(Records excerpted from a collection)

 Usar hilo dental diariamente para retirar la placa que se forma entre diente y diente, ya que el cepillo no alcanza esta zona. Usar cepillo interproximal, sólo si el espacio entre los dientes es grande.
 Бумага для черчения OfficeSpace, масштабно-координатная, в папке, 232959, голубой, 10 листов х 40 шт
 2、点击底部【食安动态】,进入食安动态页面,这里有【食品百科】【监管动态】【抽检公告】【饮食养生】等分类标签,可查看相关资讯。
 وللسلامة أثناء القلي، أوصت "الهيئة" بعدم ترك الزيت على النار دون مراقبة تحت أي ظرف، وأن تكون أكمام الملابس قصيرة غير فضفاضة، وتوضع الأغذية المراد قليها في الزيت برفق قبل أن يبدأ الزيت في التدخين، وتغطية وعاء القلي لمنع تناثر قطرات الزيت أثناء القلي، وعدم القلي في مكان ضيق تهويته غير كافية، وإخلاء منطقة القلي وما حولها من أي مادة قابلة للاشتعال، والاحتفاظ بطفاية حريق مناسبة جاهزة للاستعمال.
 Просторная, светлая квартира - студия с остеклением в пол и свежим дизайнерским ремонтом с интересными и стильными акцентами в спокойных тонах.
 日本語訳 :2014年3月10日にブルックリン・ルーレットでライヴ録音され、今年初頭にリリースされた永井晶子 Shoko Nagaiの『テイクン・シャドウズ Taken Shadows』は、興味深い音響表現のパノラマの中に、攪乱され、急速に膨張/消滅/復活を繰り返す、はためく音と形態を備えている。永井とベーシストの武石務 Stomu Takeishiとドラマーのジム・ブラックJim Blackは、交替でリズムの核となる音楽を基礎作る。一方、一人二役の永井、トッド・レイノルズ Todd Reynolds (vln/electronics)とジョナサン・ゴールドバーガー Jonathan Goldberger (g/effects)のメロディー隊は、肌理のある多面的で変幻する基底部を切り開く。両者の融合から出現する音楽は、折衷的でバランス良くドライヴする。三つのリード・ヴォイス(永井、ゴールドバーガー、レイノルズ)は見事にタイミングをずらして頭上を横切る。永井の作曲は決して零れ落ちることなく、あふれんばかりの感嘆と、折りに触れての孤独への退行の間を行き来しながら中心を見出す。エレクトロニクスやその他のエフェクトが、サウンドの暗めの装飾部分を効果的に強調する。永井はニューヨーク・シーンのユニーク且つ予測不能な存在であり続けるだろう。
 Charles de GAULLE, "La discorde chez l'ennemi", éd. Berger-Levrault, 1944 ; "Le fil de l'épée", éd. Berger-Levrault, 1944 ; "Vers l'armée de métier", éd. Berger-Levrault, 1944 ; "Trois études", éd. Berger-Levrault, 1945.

■ **Task to carry out**
Above are the entries. Quote exactly the lines from the one bearing "2、点击底部【食安动态】,进" through the one bearing "日本語訳 :2014年3月10日にブルックリン・ルーレットでライヴ録音され、今年初頭にリリースされた永井晶子 Shoko".

■ **Solved problem**
 2、点击底部【食安动态】,进入食安动态页面,这里有【食品百科】【监管动态】【抽检公告】【饮食养生】等分类标签,可查看相关资讯。
 وللسلامة أثناء القلي، أوصت "الهيئة" بعدم ترك الزيت على النار دون مراقبة تحت أي ظرف، وأن تكون أكمام الملابس قصيرة غير فضفاضة، وتوضع الأغذية المراد قليها في الزيت برفق قبل أن يبدأ الزيت في التدخين، وتغطية وعاء القلي لمنع تناثر قطرات الزيت أثناء القلي، وعدم القلي في مكان ضيق تهويته غير كافية، وإخلاء منطقة القلي وما حولها من أي مادة قابلة للاشتعال، والاحتفاظ بطفاية حريق مناسبة جاهزة للاستعمال.
 Просторная, светлая квартира - студия с остеклением в пол и свежим дизайнерским ремонтом с интересными и стильными акцентами в спокойных тонах.
 日本語訳 :2014年3月10日にブルックリン・ルーレットでライヴ録音され、今年初頭にリリースされた永井晶子 Shoko Nagaiの『テイクン・シャドウズ Taken Shadows』は、興味深い音響表現のパノラマの中に、攪乱され、急速に膨張/消滅/復活を繰り返す、はためく音と形態を備えている。永井とベーシストの武石務 Stomu Takeishiとドラマーのジム・ブラックJim Blackは、交替でリズムの核となる音楽を基礎作る。一方、一人二役の永井、トッド・レイノルズ Todd Reynolds (vln/electronics)とジョナサン・ゴールドバーガー Jonathan Goldberger (g/effects)のメロディー隊は、肌理のある多面的で変幻する基底部を切り開く。両者の融合から出現する音楽は、折衷的でバランス良くドライヴする。三つのリード・ヴォイス(永井、ゴールドバーガー、レイノルズ)は見事にタイミングをずらして頭上を横切る。永井の作曲は決して零れ落ちることなく、あふれんばかりの感嘆と、折りに触れての孤独への退行の間を行き来しながら中心を見出す。エレクトロニクスやその他のエフェクトが、サウンドの暗めの装飾部分を効果的に強調する。永井はニューヨーク・シーンのユニーク且つ予測不能な存在であり続けるだろう。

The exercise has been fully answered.